- _Exercise_
Below is a listing with pictures in it; transcribe exactly the lines from the one that has "1970s Navy Patterned" through the one that has "This scratchboard depicts", and omit those pictures.

- _Records for processing_
________

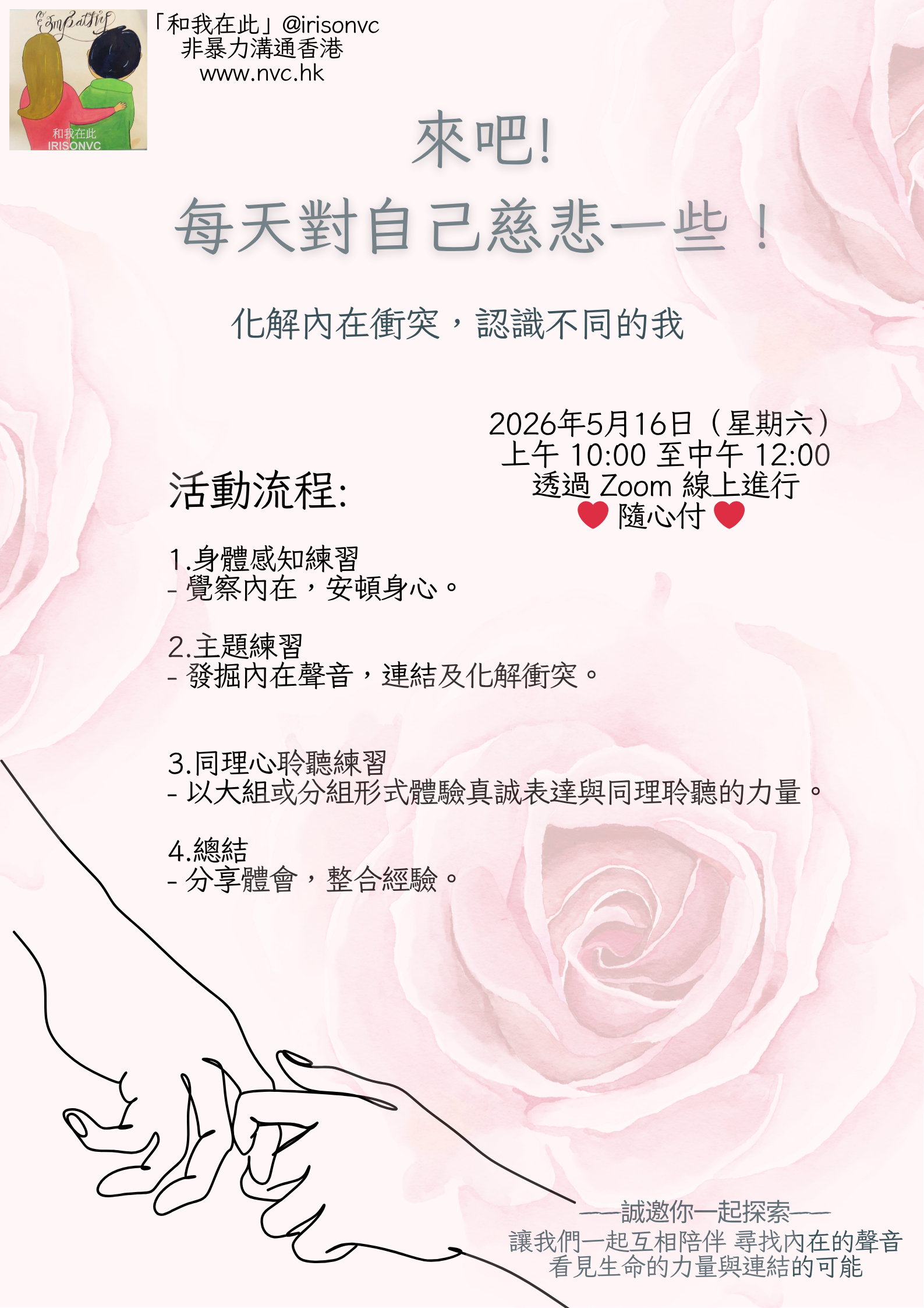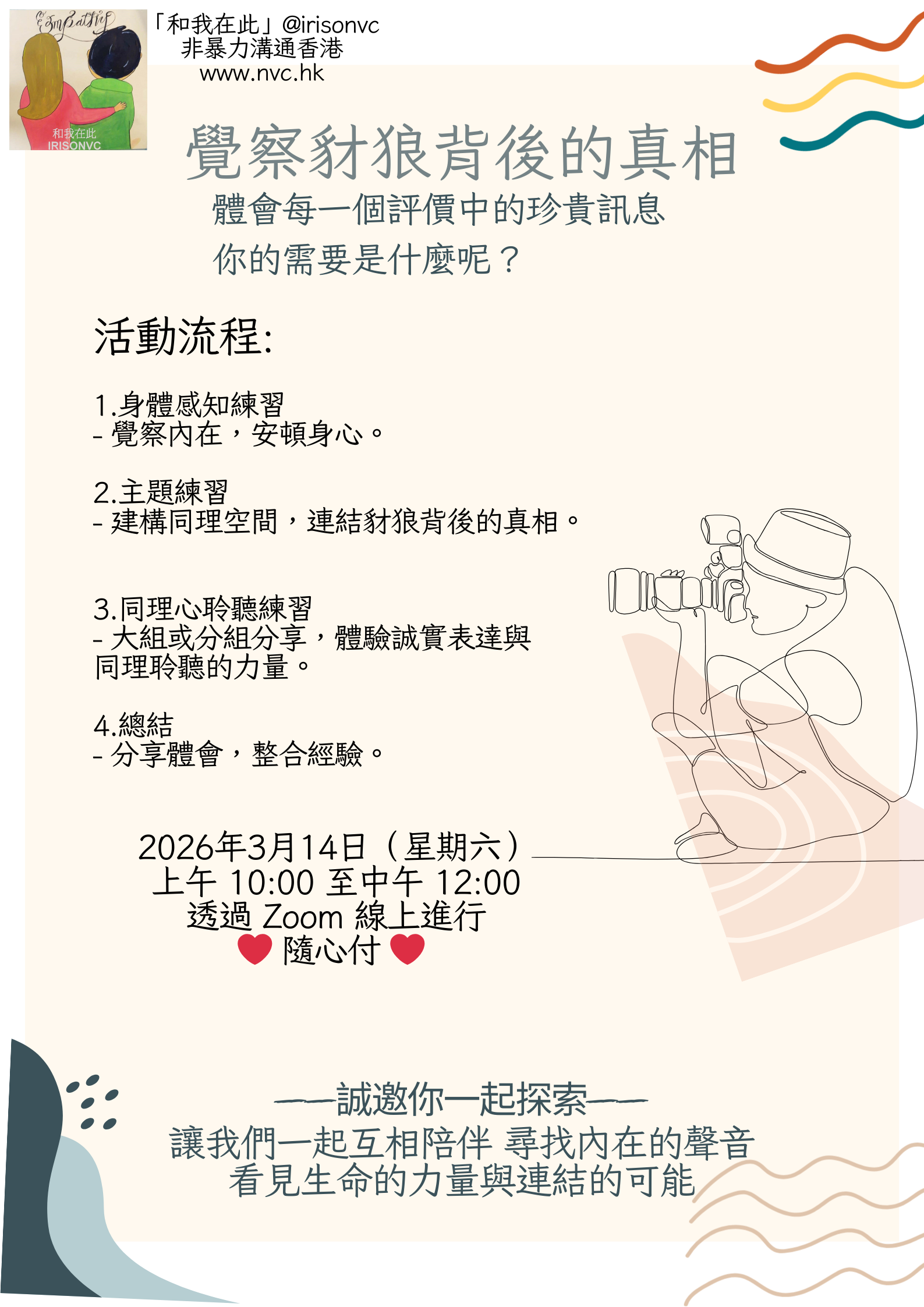 誠邀你一起探索——讓我們一起互相陪伴,尋找內在的聲音,看見生命的力量與連結的可能。
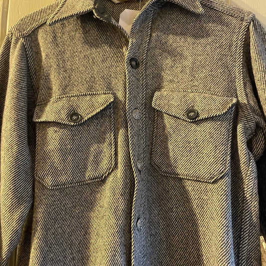 1970s Navy Patterned Dagger Collar Button Up Shirt
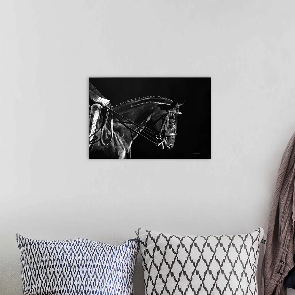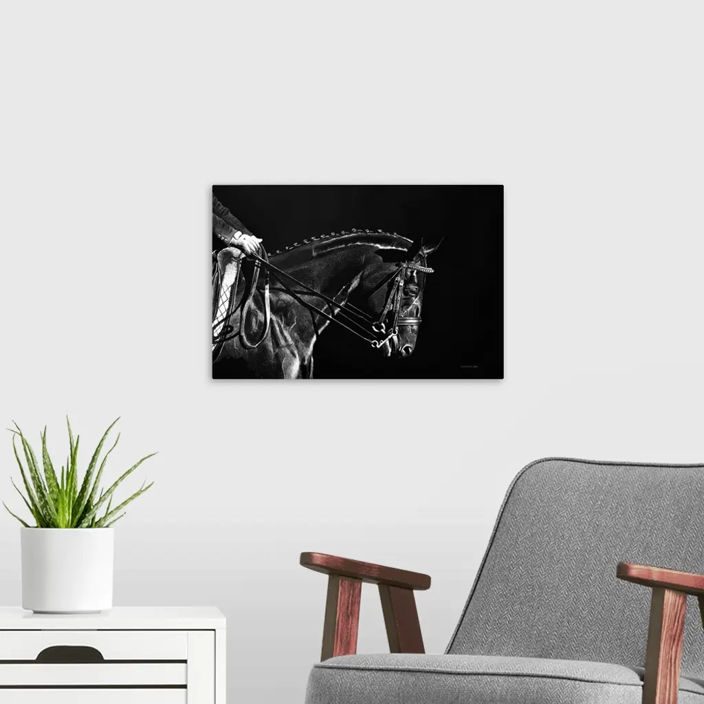 This scratchboard depicts a woman rider just entering an Equestrian competition on this beautiful horse. The fur shows the veins and smooth shiny fur in detail, which really helps this horse look so elegant.
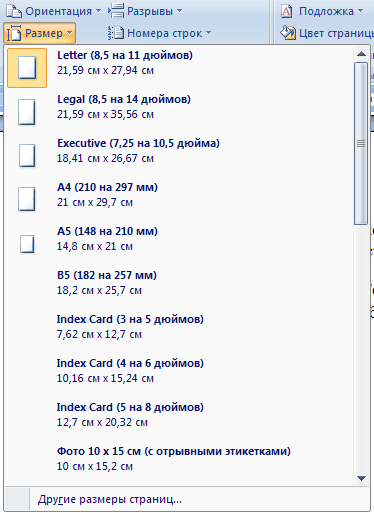Кнопка Размер, которая также расположена в группе Параметры страницы, позволяет задать параметры листа, на котором будет производиться печать (рис. 8.6).
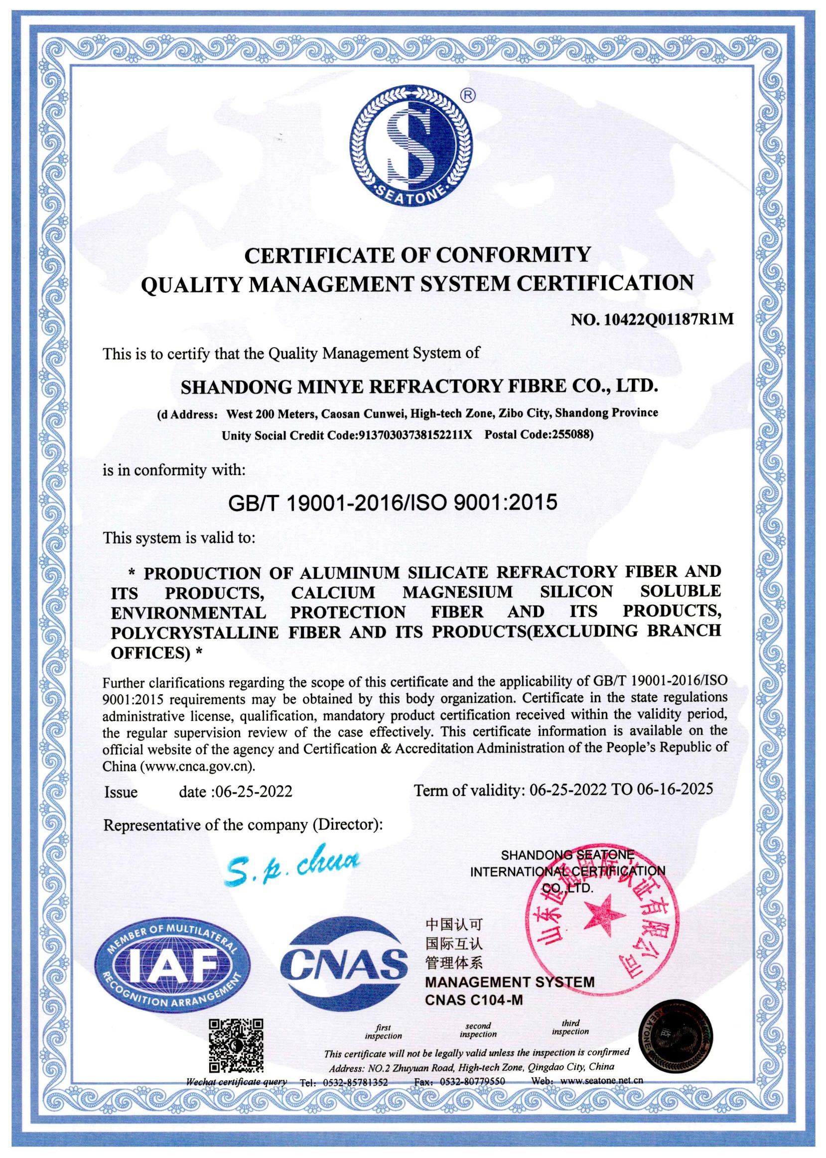 質(zhì)量管理體系認(rèn)證證書

________

- _Task solution_
 1970s Navy Patterned Dagger Collar Button Up Shirt
 This scratchboard depicts a woman rider just entering an Equestrian competition on this beautiful horse. The fur shows the veins and smooth shiny fur in detail, which really helps this horse look so elegant.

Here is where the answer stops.